## [Exercise objective]
Transcribe the listing below only from the line with "Galil 503 Stacked Distressed Denim Jeans" up to and including the line with "П. С. Постарайтесь, чтобы".

## [Data shown]
──────────

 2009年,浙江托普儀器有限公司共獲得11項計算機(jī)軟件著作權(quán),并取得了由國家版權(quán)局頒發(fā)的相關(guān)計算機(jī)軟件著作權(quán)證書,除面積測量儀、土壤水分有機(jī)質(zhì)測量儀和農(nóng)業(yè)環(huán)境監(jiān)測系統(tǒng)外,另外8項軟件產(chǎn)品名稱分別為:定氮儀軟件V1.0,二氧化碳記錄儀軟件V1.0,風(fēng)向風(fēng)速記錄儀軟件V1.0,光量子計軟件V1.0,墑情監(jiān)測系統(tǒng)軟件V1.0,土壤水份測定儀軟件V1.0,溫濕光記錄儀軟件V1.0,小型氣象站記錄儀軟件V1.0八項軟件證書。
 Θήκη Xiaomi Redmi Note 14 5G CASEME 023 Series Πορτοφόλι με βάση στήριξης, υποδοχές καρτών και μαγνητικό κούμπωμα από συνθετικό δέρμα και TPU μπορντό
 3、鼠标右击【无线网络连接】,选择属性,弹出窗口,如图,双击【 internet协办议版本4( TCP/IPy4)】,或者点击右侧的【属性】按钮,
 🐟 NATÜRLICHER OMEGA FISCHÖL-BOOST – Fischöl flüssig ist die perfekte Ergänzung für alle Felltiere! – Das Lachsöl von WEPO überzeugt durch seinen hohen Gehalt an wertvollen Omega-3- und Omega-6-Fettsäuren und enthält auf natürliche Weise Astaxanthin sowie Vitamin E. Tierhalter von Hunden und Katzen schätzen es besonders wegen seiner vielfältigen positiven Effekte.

──────────

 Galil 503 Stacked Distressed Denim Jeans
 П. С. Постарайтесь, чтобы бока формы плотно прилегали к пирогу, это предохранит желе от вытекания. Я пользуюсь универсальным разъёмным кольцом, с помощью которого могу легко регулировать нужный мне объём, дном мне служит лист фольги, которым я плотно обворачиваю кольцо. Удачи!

──────────

## [Response to this task]
 Galil 503 Stacked Distressed Denim Jeans
 П. С. Постарайтесь, чтобы бока формы плотно прилегали к пирогу, это предохранит желе от вытекания. Я пользуюсь универсальным разъёмным кольцом, с помощью которого могу легко регулировать нужный мне объём, дном мне служит лист фольги, которым я плотно обворачиваю кольцо. Удачи!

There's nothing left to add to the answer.